Os anos 1970 marcariam o auge do nosso desempenho econômico relativo, ainda que suas bases tenham sido frágeis – foram nos anos 1970 que acumulamos a dívida externa que explodiria nos anos 1980, contribuindo para a estagnação posterior. O período foi marcado, também, por uma ação estatal focada nos investimentos em infraestrutura e no financiamento ao setor industrial, em detrimento a qualquer rede de proteção social, e sem endereçar desequilíbrios macroeconômicos básicos, como a inflação e a conta corrente – o mix de políticas do período era, assim, insustentável tanto do ponto de vista político quanto econômico.

Ademais, os anos setenta foram período de desempenho macroeconômico bem sofrível nos EUA, o que nos favorece nesse tipo de comparação. Mesmo com essas ressalvas, cabe ressaltar que de 1968 a 1980 a renda per capita brasileira subiu de 18 para 28% da americana. Simples extrapolação desse desempenho sugeria, na virada
dos 1970 para os 1980, que o Brasil entraria no século XXI como um país remediado, quase rico.

O período da Nova República, pós Constituição de 1988, foi marcado por estabilidade em patamar ainda longe de satisfatório, com renda per capita oscilando entre 19 e 21% entre 1990 e 2006. Mostramos modesto avanço relativo no período 2007-2010, chegando a 23% nesse último ano, mas em boa parte em função da crise americana. Os dados da tabela de Groningen terminam em 2010, mas obviamente o desempenho econômico posterior sugere que qualquer ganho obtido no período 2006-10 deve ter sido revertido com folga.

Olhando o restante dos Brics, tínhamos uma corrida relativamente emparelhada entre Brasil, China e Rússia na virada da década, com renda per capita semelhante, em torno de um quarto da americana. África do Sul e Índia largaram em desvantagem, com renda cerca de 15 e 11% da renda americana, respectivamente. Nosso desempenho
desde o início do governo Rousseff sugere que ficamos para trás, ainda que provavelmente não a ponto de sermos ultrapassados pelos membros desse segundo pelotão.

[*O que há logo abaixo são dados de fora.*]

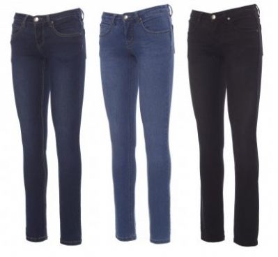 Pantalone donna, taglio jeans a cinque tasche, chiusura con zip in metallo e bottone, passanti in vita, stone wash, effetto consumato e delavé. Cuciture a filo grosso a contrasto, doppie cuciture interno gamba, gamba a tubo, borchiette e patch in vera pelle.
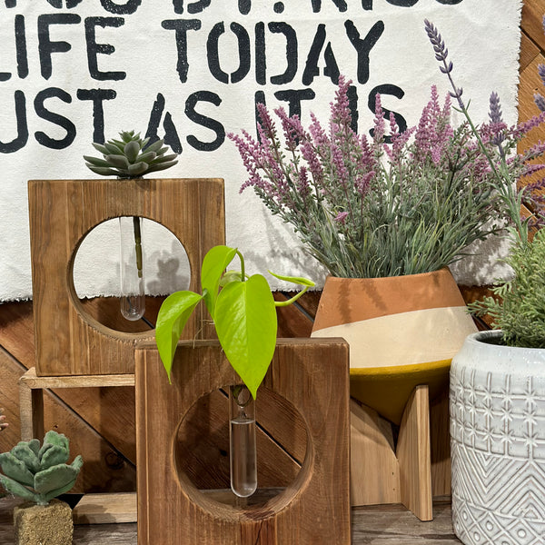 You'll love the organic shape of this Planter Vase made out of Recycled Pine Wood. Use it to hold faux flowers to create a tablescape inspired by natural elements. Fill it with artificial plants or succulents or faux flowers in your dining room, office or for a bar at your wedding or event.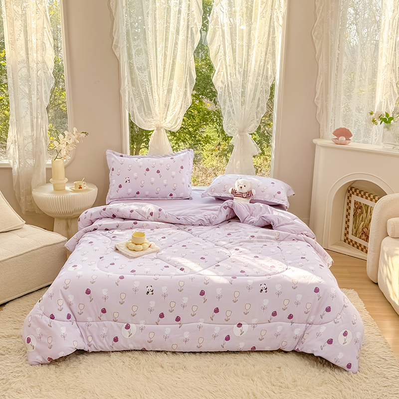 • 91家纺网 家纺一手货源 找家纺 家贝爱 2024款糯糯棉夏被春秋被被芯夏被四件套 恋薇紫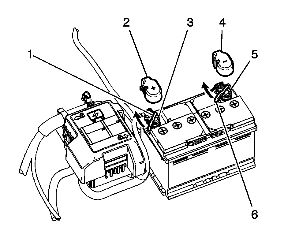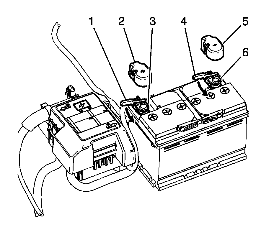 3. Reposition the positive battery cable insulating cover (2) from over the positive terminal.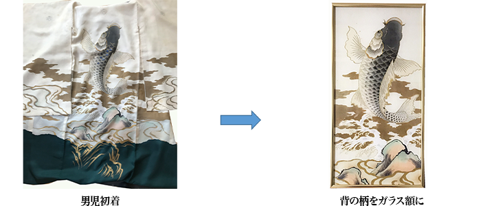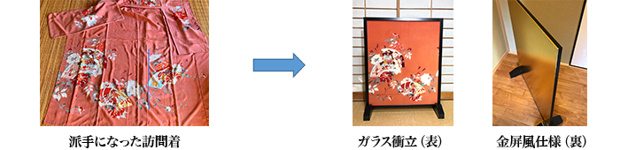 ① 高温加圧・樹脂加工により割れても飛散しない。安全性が向上 ② UVカット機能付きのフィルムにより長期に色ヤケしにくい。退色防止 ③ コーティング加工すると、濃い色は重厚感に、薄い色は透明感になり、柄の色合いは艶やかになる。 ④ タンスに眠る想い出の着物が全く新しいインテリアに変身する。画期的なリメイク -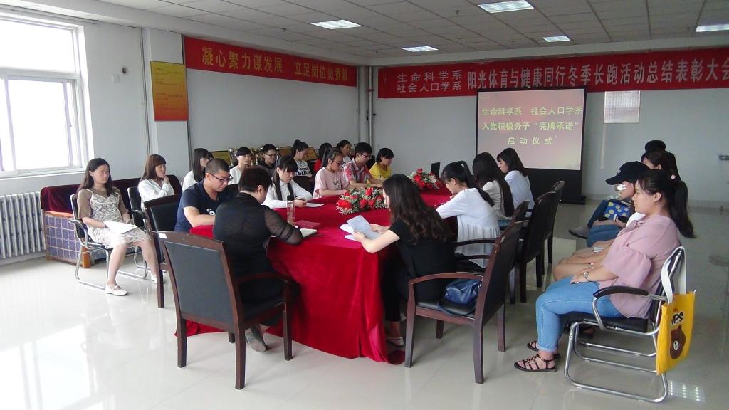 5月24日中午,生命科学系、社会人口学系第45期入党积极分子“亮牌承诺”活动启动仪式在知行楼501室举行。系党总支书记王朝霞出席并讲了党课,本期全体入党积极分子参加。活动由唐玮主持。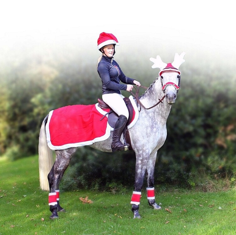 Punainen tonttulakki, jota voi käyttää  kypärän päällä. Valkoinen reunus ja valkoinen tupsu.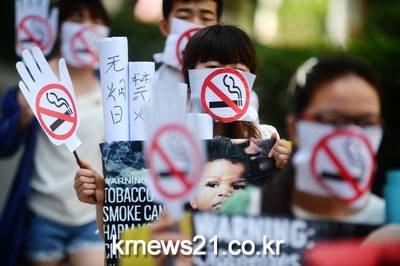 ▲ 중국에서 금연에 대한 대학생 시위가 벌어졌다. ⓒAFP중국 동부 장쑤성의 양주에서 대학생 시위대가 흡연자들에게 비흡연에 대한 이익을 각성시키주기 위한 시위를 벌이고 있다.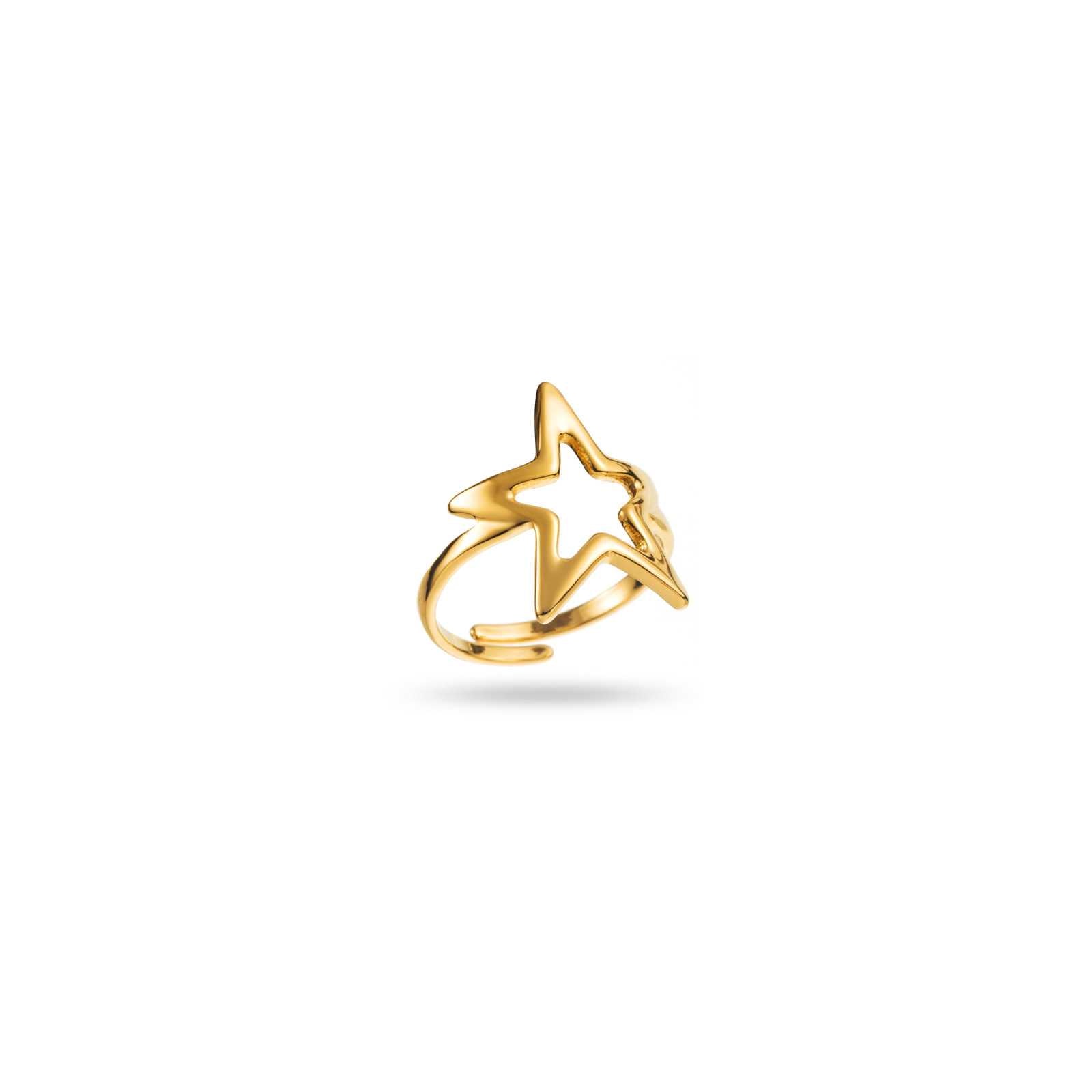 The Stargazer Ring combines elegance with practical versatility. Crafted from stainless steel, this statement piece features an intricate star symbol. The adjustable design allows you to customise the fit by opening and closing the ring to your finger, ensuring comfort. A timeless accessory that effortlessly elevates any outfit.
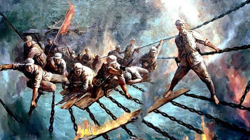 “红军不怕远征难,万水千山只等闲。五岭逶迤腾细浪,乌蒙磅礴走泥丸。金沙水拍云崖暖,大渡桥横铁索寒。更喜岷山千里雪,三军过后尽开颜。”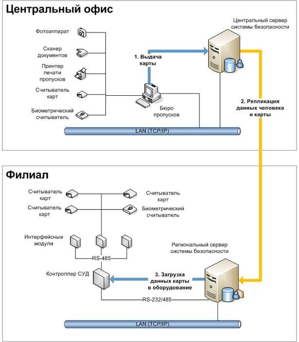 За счет синхронизации данных модуль многофилиальности обеспечивает возможность централизованной выдачи карт сотрудникам организации. Так, в центральном офисе могут выдаваться карты для прохода в любой удаленный филиал системы.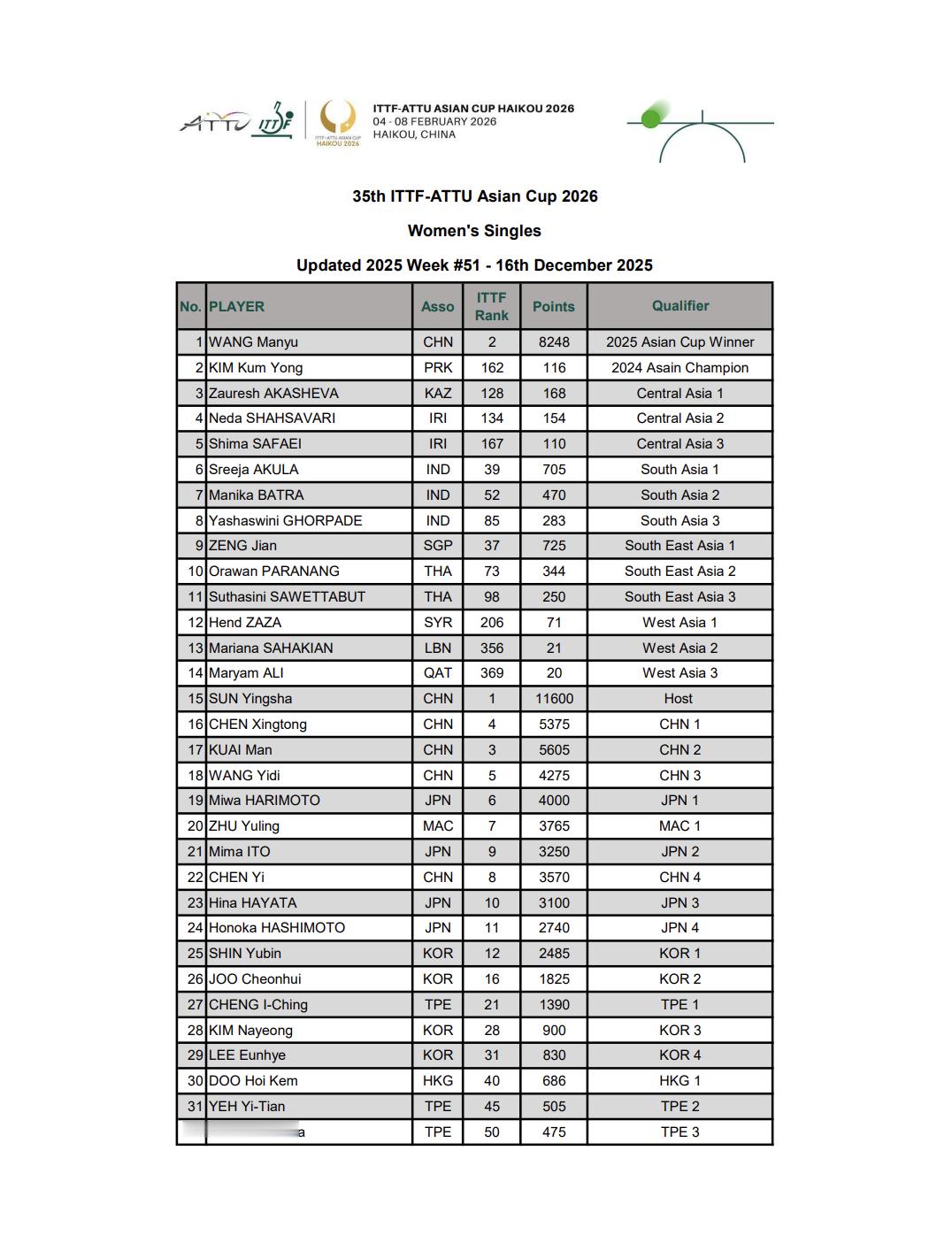 第35届国际乒联-亚乒联盟亚洲杯丨邀请名单*最终参赛以实际报名为准

O atual governo vem lançando as bases de um novo período de crescimento, ao trabalhar para restaurar a sustentabilidade das contas públicas e reduzir de vez a inflação. Essas são condições absolutamente necessárias, mas não suficientes, para que voltemos a crescer de forma sustentada e, quem sabe, para que possamos almejar um desempenho macroeconômico que vá além da mediocridade relativa dos últimos 200 anos. Nesse contexto, a ampla e corajosa agenda de reformas microeconômicas liberalizantes que o governo começa a apresentar é um sopro de esperança – antes tarde do que nunca.

As opiniões aqui expressas são as do autor e não refletem necessariamente as do CDPP, tampouco as dos demais associados.